= William Phiston =

English translator and author (fl. 1571 – 1609)

William Phiston or Fiston (fl. 1571 – 1609), was an English translator and author. He describes himself as "a student of London", and had some leading figures of the time as patrons. The Oxford Dictionary of National Biography points out that a William Phiston matriculated at Magdalene College, Cambridge in 1572. It also notes the strong Protestant tone to the Testimonie, intended as a cheaper substitute for the Actes and Monuments.

==Works==
Phiston's works are:

- A Testimonie of the True Church of God … translated out of the French by William Phiston, London; c. 1570. From Simon Voyon, dedicated to Alexander Nowell.
- A Lamentacion of Englande for John Ivele [i.e. John Jewel], bishop of Sarisburie, by W. Ph.

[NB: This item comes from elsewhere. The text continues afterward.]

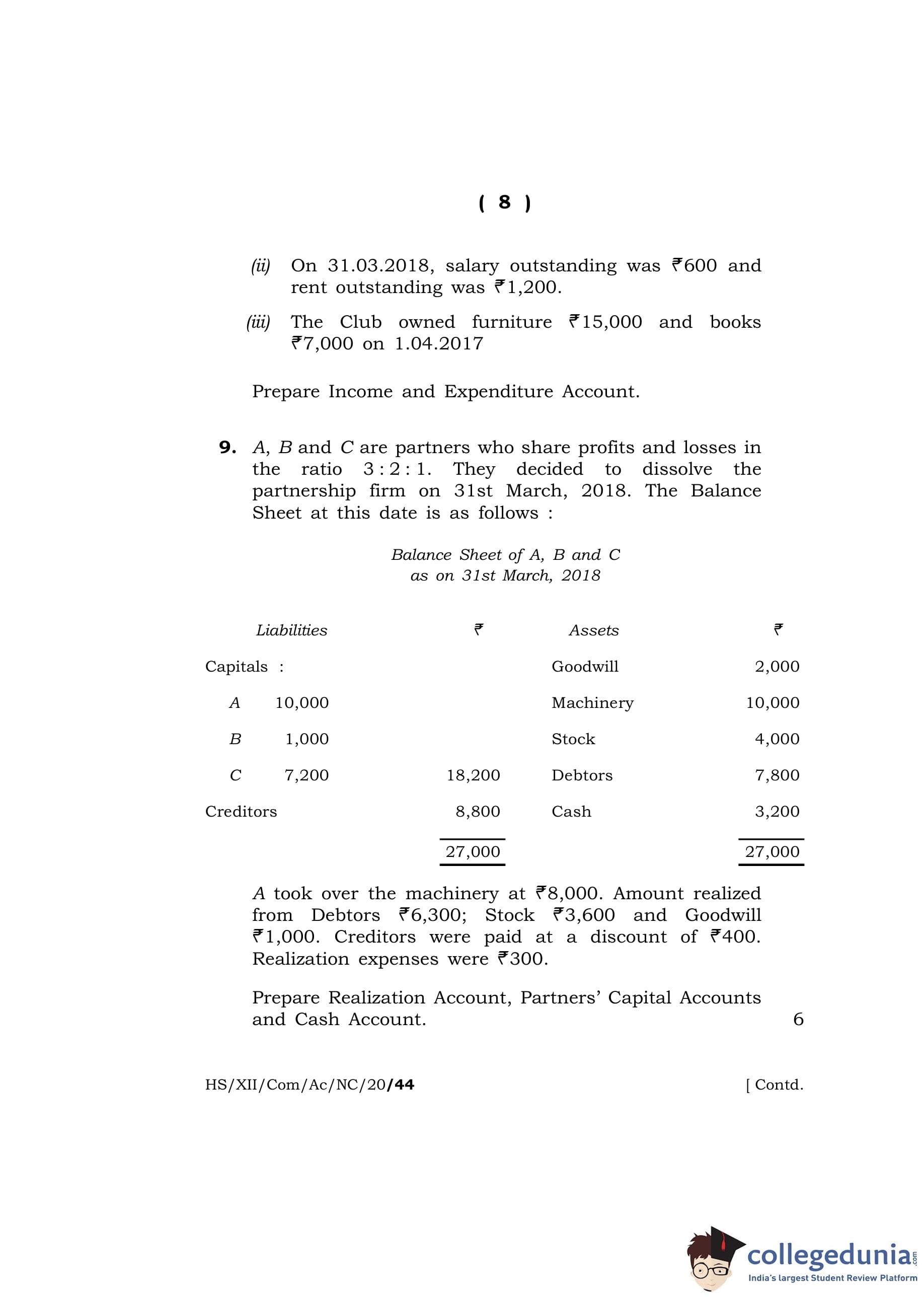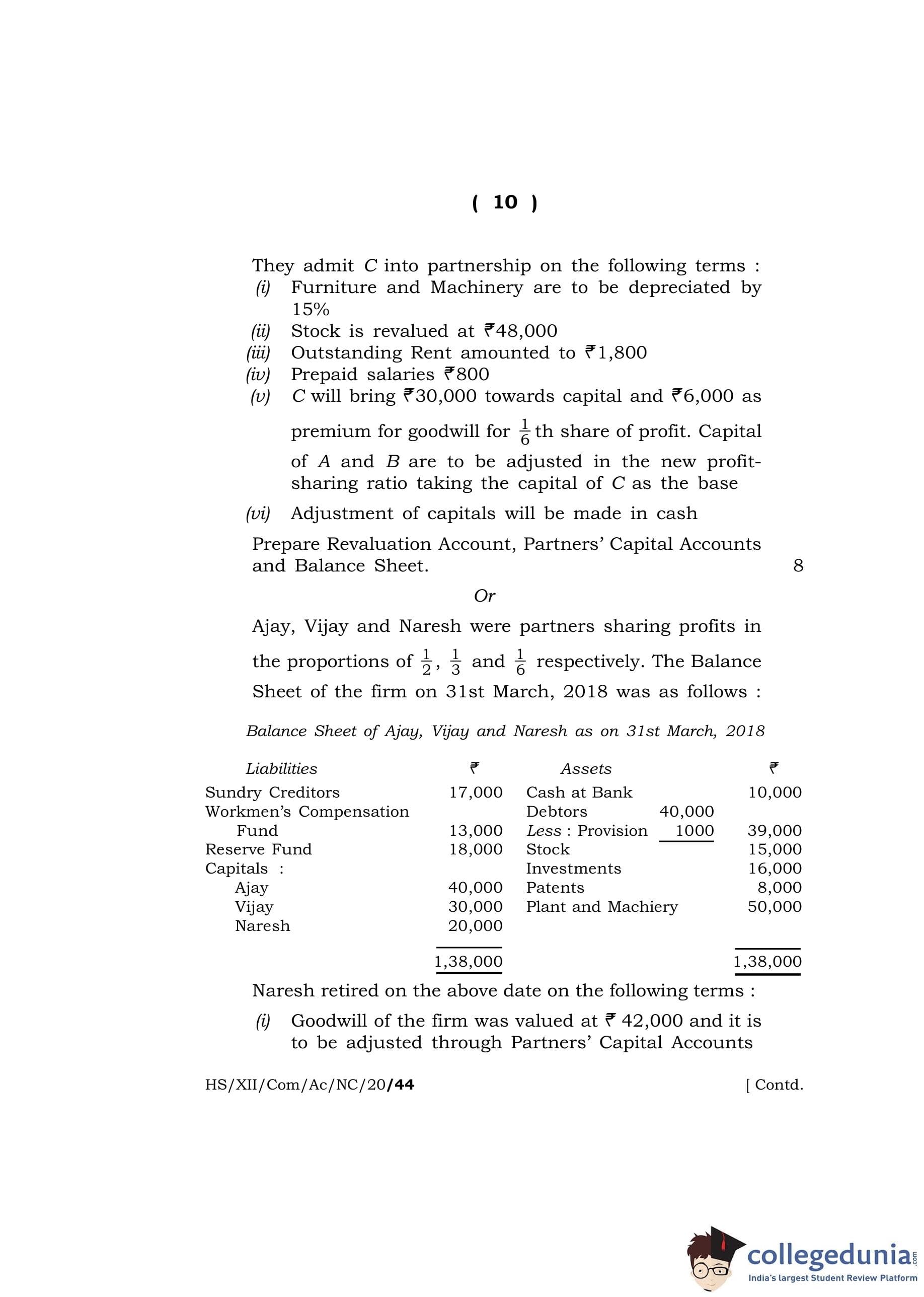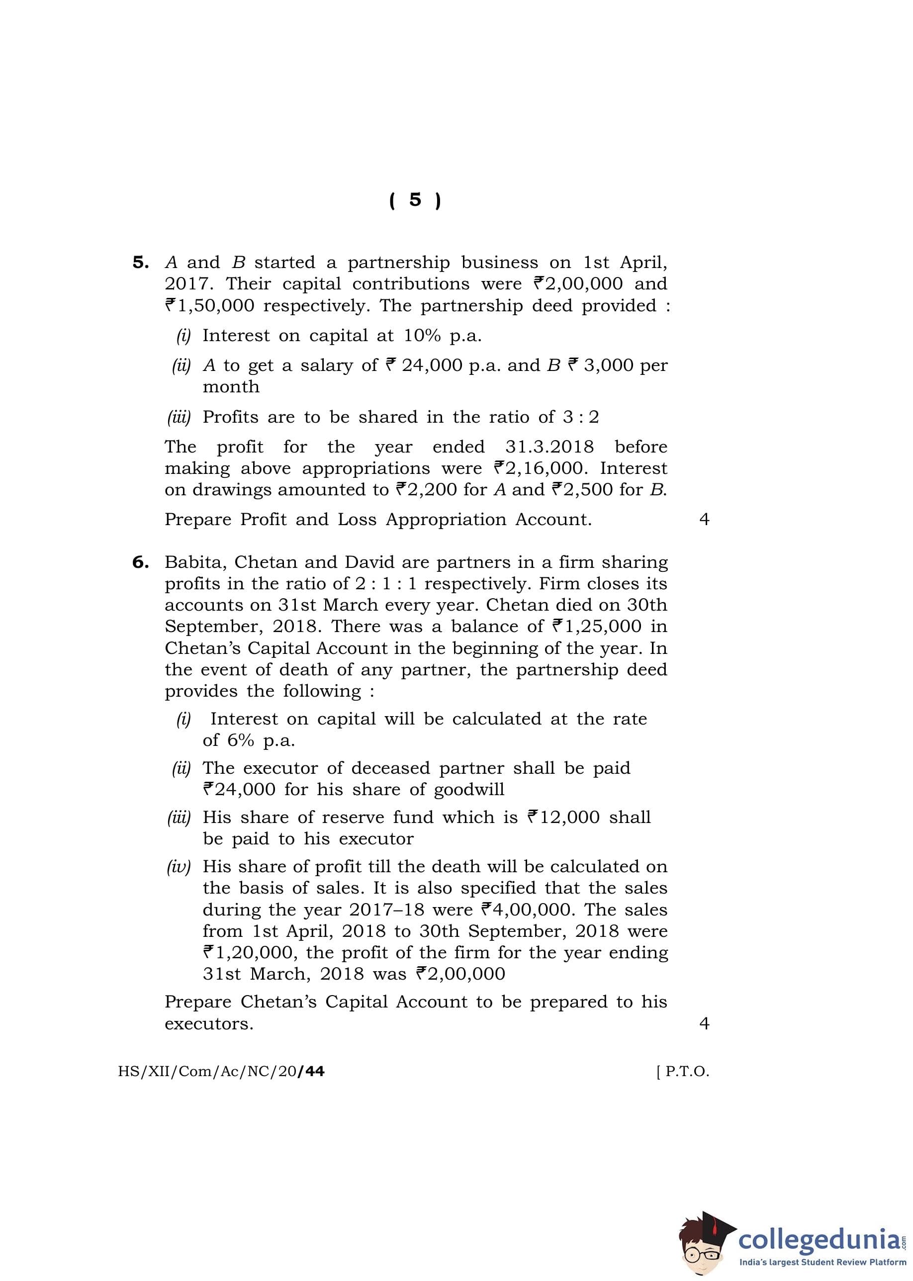 MBOSE Class 12 Accountancy Question Paper 2020

London [1571].
- Certaine Godly Sermons … First set foorthe by Master Bernardine Occhine … and now lately collected and translated out of the Italian tongue into the English by William Phiston of London, student, London, 1580; from Bernardino Ochino, and dedicated to Edmund Grindal.
- The Welspringe of Wittie Conceites … translated out of the Italian by W. Phist., student, London, 1584; Phiston added other matter, "partly the invention of late writers and partly mine own". Publisher's dedication to David Lewis.
- The Estate of the Germaine Empire, with the Description of Germanie, London, 1595; a translation from two works, one Italian the other Latin. Dedicated to Robert Radclyffe, 5th Earl of Sussex. It was an ambitious historical, ecclesiastical and military guide to the Holy Roman Empire.
- The Auncient Historie of the Destruction of Troy … translated out of the French [of Le Fevre] into English by W. Caxton Newly corrected and the English much amended by William Fiston, London, 1596; another edit. 1607.
- The Most Pleasant and Delectable Historie of Lazarillo de Tormes, a Spanyard; and of his marvellous Fortunes and Adversities. The second part, translated out of Spanish by W. P., London, 1596. A sequel to Lazarillo de Tormes, the first part having been translated by David Rowland.
- An edition of Francis Segar's conduct book, Schoole of Good manners, or a new Schoole of Vertue … by William Fiston, London, 1609; another edition, "newly corrected" by Phiston, appeared in 1629; but Phiston is not known to have been alive then.